Well, he grew up in luxury and married and had a child and never left the palace walls, until one night his curiosity got the best of him and he snuck outside with his charioteer. I guess he snuck out in a chariot, which seems a bit indiscreet if you’re creeping. Maybe this is a nod to the Bhagavad Gita? It helps your sales pitch if it seems that Lord Krishna has a subtle hand in your spiritual path.

Anyway. He gets out while being driven in a chariot, which is going at just the right speed such that he can encounter a sick person, an old person, and a corpse. He had never seen any of these before, so his charioteer explains what they are.

Shakyamuni is horrified and dismayed, until they encounter a mendicant, a traveling monk. The charioteer explains to him that this is one who has dedicated his life to finding the truth about life.

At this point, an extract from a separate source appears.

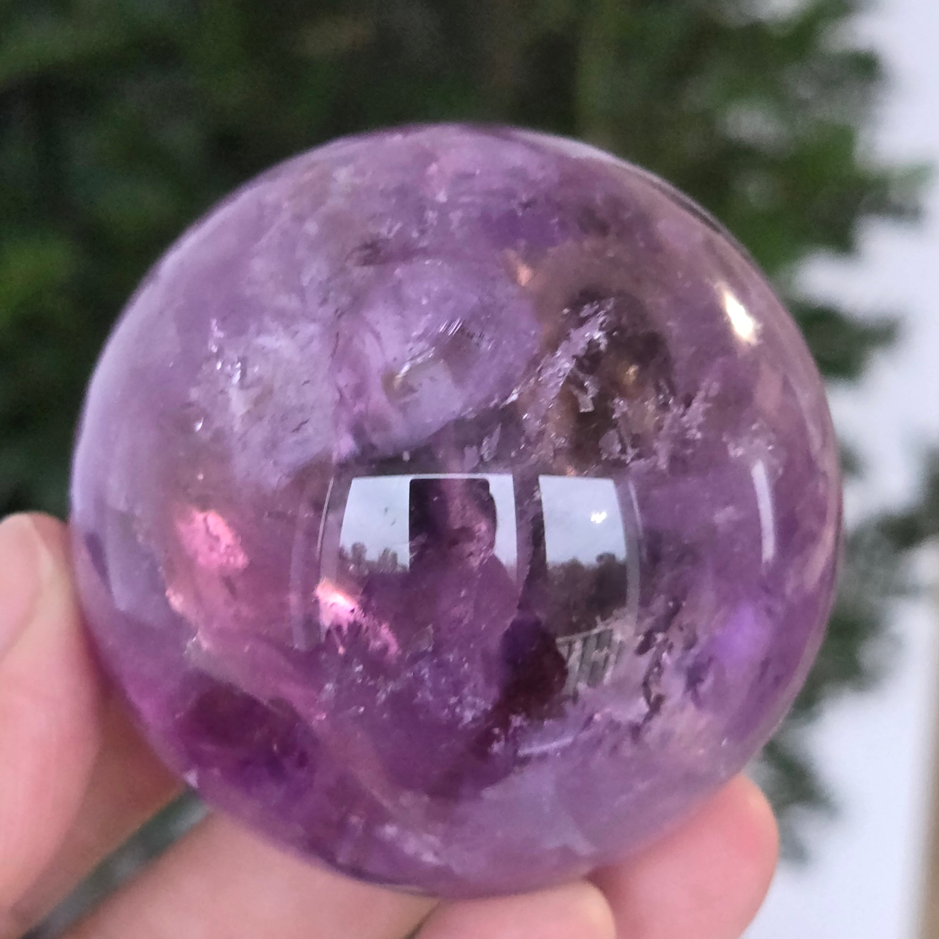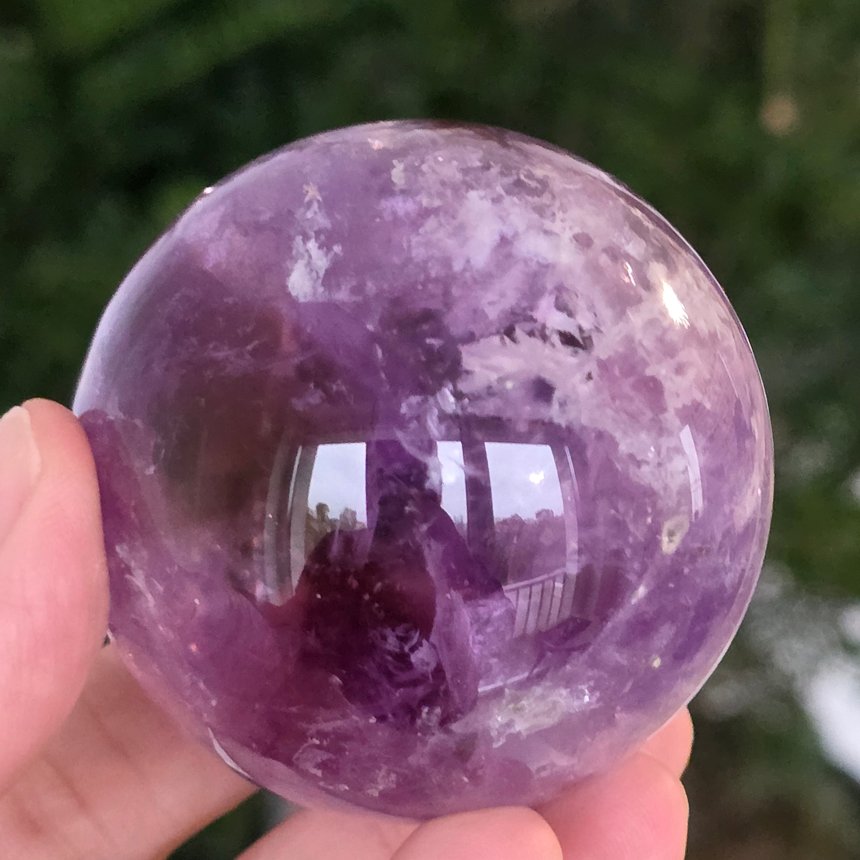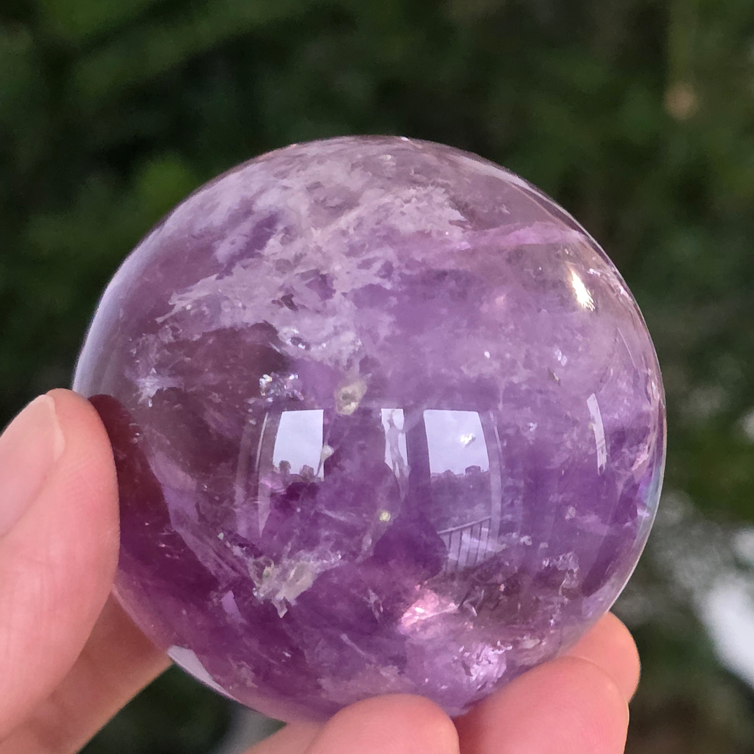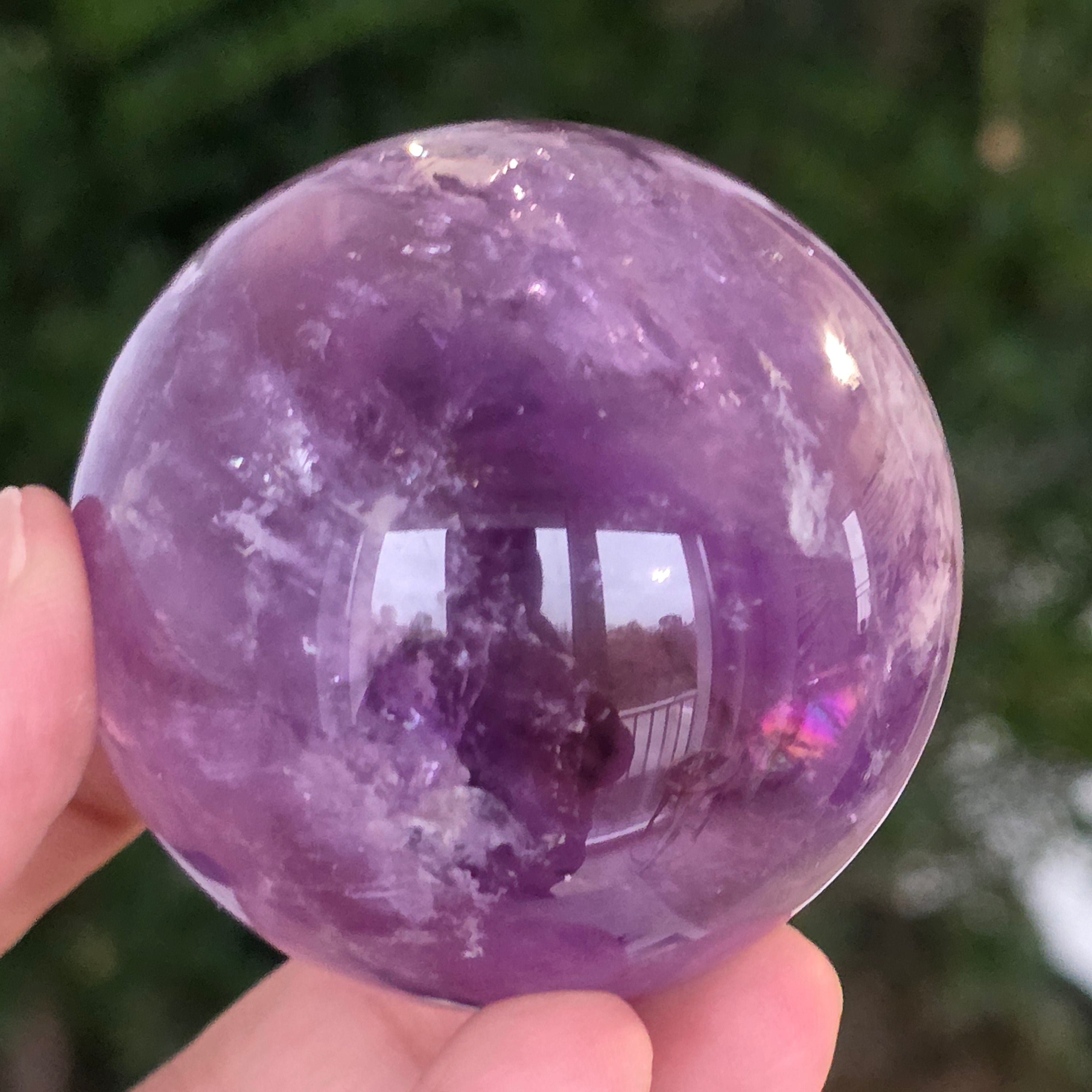 Egy gömb, amely mintha megragadta volna a naplemente égbolt lényegét. Ezt egyedülálló darab AA természetes ametiszt Brazíliából, mély, áttetsző fényt áraszt, a fényben játszó királylila, lila és levendula árnyalataival. A tökéletesen csiszolt felület kiemeli a kristály tisztaságát és természetes textúrájának finomságát – a klasszikus és kiegyensúlyozott szépségű ásványi gyöngyszem.

Upon hearing this, Shakyamuni resolves to follow the path of the mendicant and seek the truth. He shaves his head, throws away his fancy clothes, gathers cloth from the garbage for his robes, and off he goes.

So the question is, why did he leave?

It’s hard to answer this about Shakyamuni, because this story is so overlaid with mythical elements that it’s hard to make sense of his context, let alone his decision (I mean, seriously, he never got a cold?). Still Buddhists take it as a model for entering the path: “home-leaving” is an important first step in practice. When we tell this story, we tell it about ourselves.

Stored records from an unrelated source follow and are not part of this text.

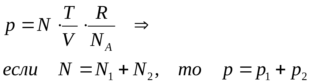 2. Закон Дальтона: давление смеси идеальных газов равно сумме парциальных давлений компонент смеси
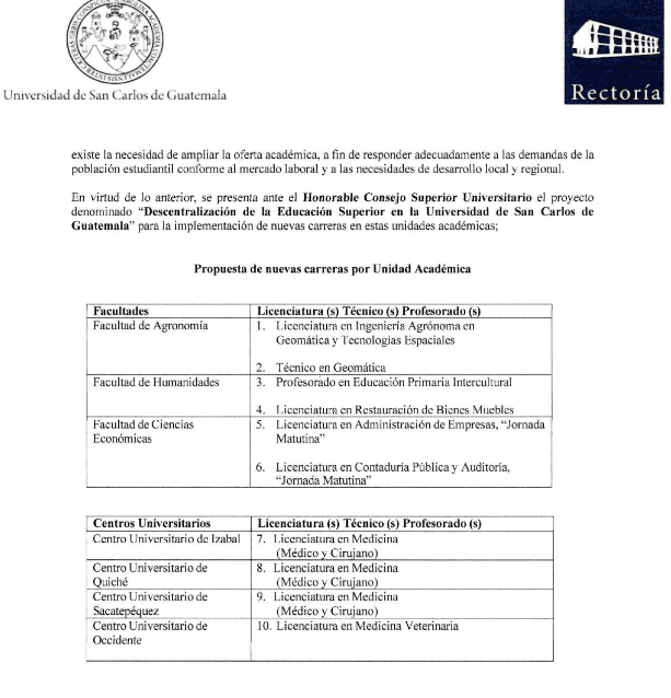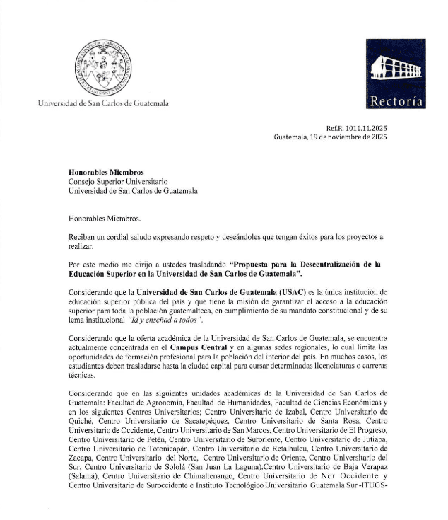 La iniciativa fue presentada por el rector Walter Mazariegos ante el Consejo Superior Universitario (CSU), según un oficio que detalla la intención de ampliar y descentralizar la educación superior.
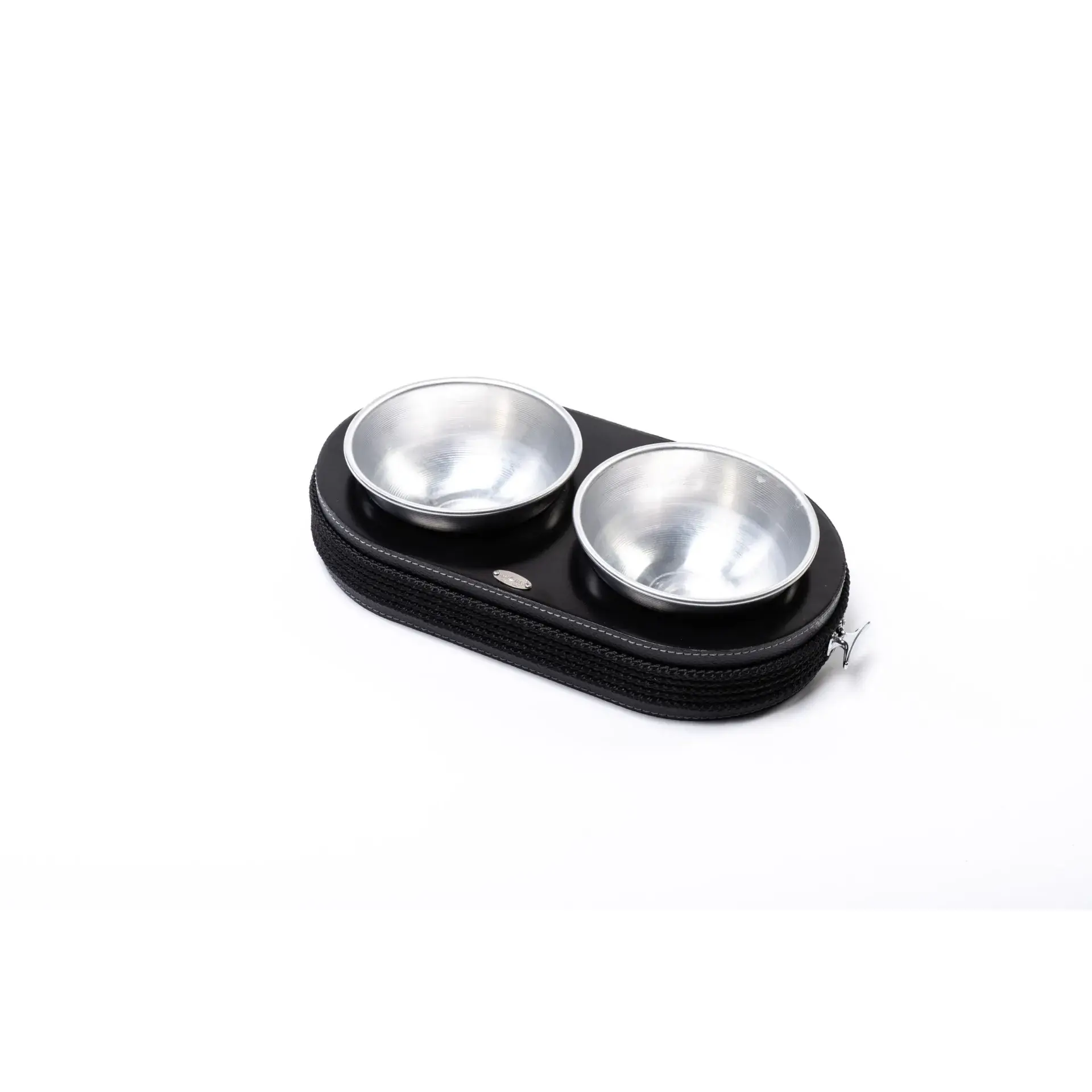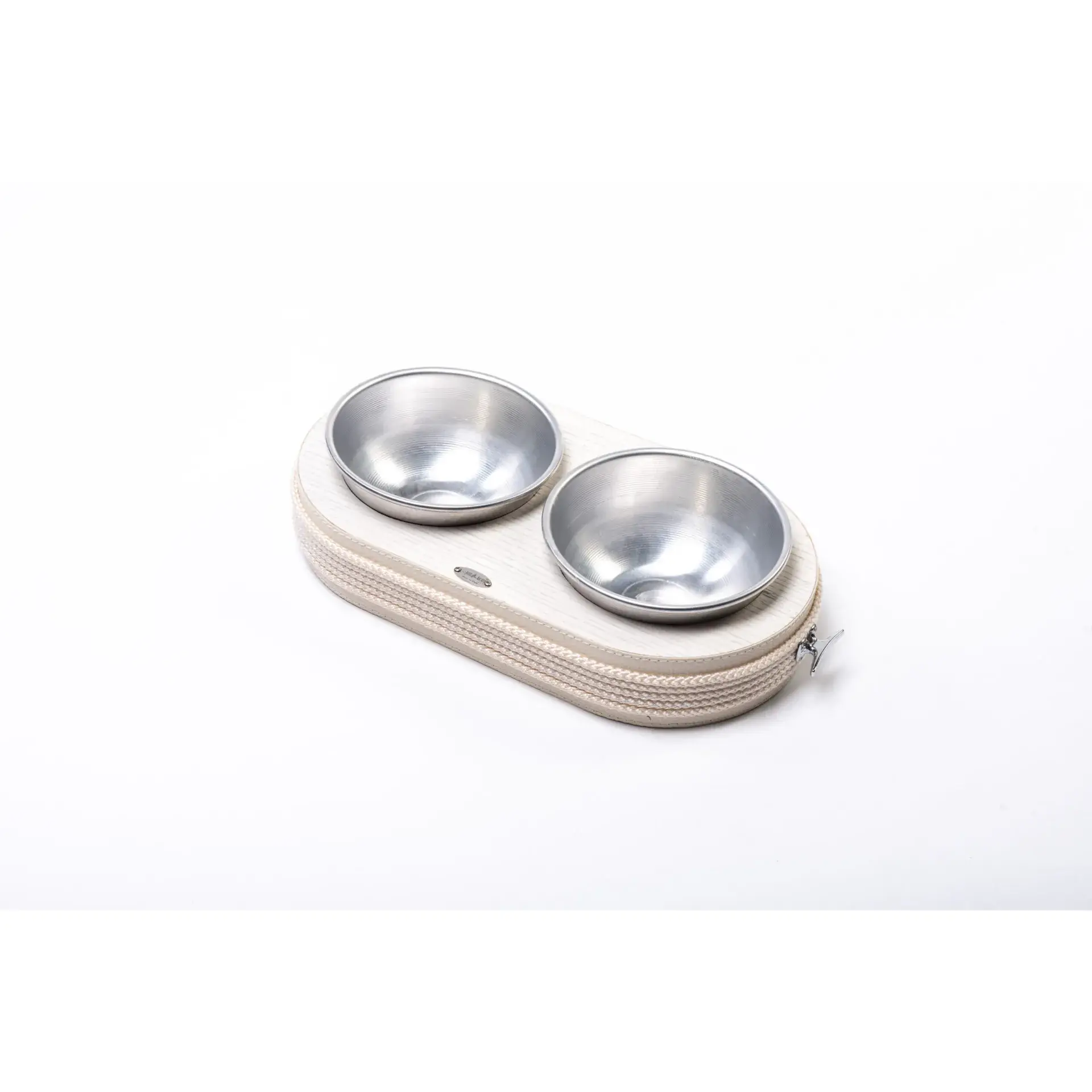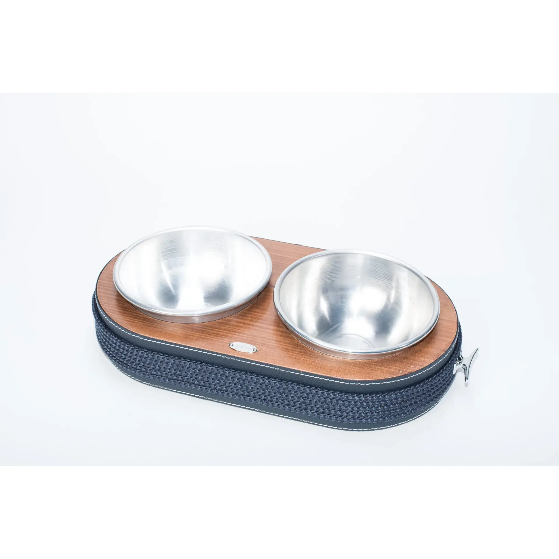 Stylish pet water and food bowls featuring a wooden base and two stainless steel bowls for durability.

It’s about the Buddha — sure — it’s about the practice — fine — but it’s really about ourselves, only each of our individual selves. It’s about our lives.

So why leave home? Why leave security and comfort, even pleasure, in favor of a difficult journey, with no promise of success, and a decent risk of failure (which in Shakyamuni’s case almost surely meant death — and like, death by tiger. Or dysentery. Not pleasant.)? Why take up the pain, rather than keep it at an arm’s length?

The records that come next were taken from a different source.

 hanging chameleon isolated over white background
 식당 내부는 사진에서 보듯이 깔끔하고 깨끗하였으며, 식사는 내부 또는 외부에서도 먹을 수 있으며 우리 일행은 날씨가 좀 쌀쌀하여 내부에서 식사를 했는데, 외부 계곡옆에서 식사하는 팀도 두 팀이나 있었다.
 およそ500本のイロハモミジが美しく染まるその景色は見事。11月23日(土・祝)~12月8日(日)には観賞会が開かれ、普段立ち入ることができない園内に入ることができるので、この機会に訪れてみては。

I am quick to answer, “Because the truth is there, and what’s here only obscures the truth!”

To which my teacher responds, “How do you know?”

Which is a good question.

Why risk comfort in service of truth, when you don’t even know if the truth is out there? I’ve been trying to avoid it as I’ve been writing, but when I type, “the truth is out there,” it makes me sound like a conspiracy theorist. How could you possibly know? Shakyamuni, you paranoid maniac, what were you thinking? What could you possibly achieve out there, with your impulsive searching?

As I reflect on what led me to enter my own spiritual path, I think it had less to do with what was promised at some point beyond where I was — the truth of liberation, somewhere in a different time and place — and more to do with the truth that had been let in just by my life being my life. We see suffering because suffering is here, and our familiar paths, while comfortable and predictable, seem to promise only a deeper surrender to it.

If there’s suffering out there, it only drives home the point further — there’s no escaping it! It’s inside the palace as well as outside of it. When Shakyamuni saw sickness, old age, and death, did he not have to revisit his understanding of his only healthy body, and that of his consorts and wife and friends and parents? of his child? It’s not that the truth was out there — it was that the truth of this world already lived in him and in everyone and everything he knew. There was no hiding from it. There was no self-deception that could find purchase against such a clear truth, so deep was the penetration of what’s-going-on.

If you can’t hide from it, and if you can’t push it away, what’s left to do than to face it directly and energetically? To hold all things, especially security and comfort, in a permanent state of suspicion? And to trust that it’s possible to be, somehow, free?

Whether its the pull of truth or the push of suffering, I don’t think Shakyamuni would have given a good reason one way or another. He came to a place in his life where it was just time to take another step. Maybe for Shakyamuni, home-leaving came like fruit falling from the tree.

For us, what would obscure the next step? What could possibly obscure the truth, of suffering right here and a path to be free of suffering? And if it’s clear, can we just face it?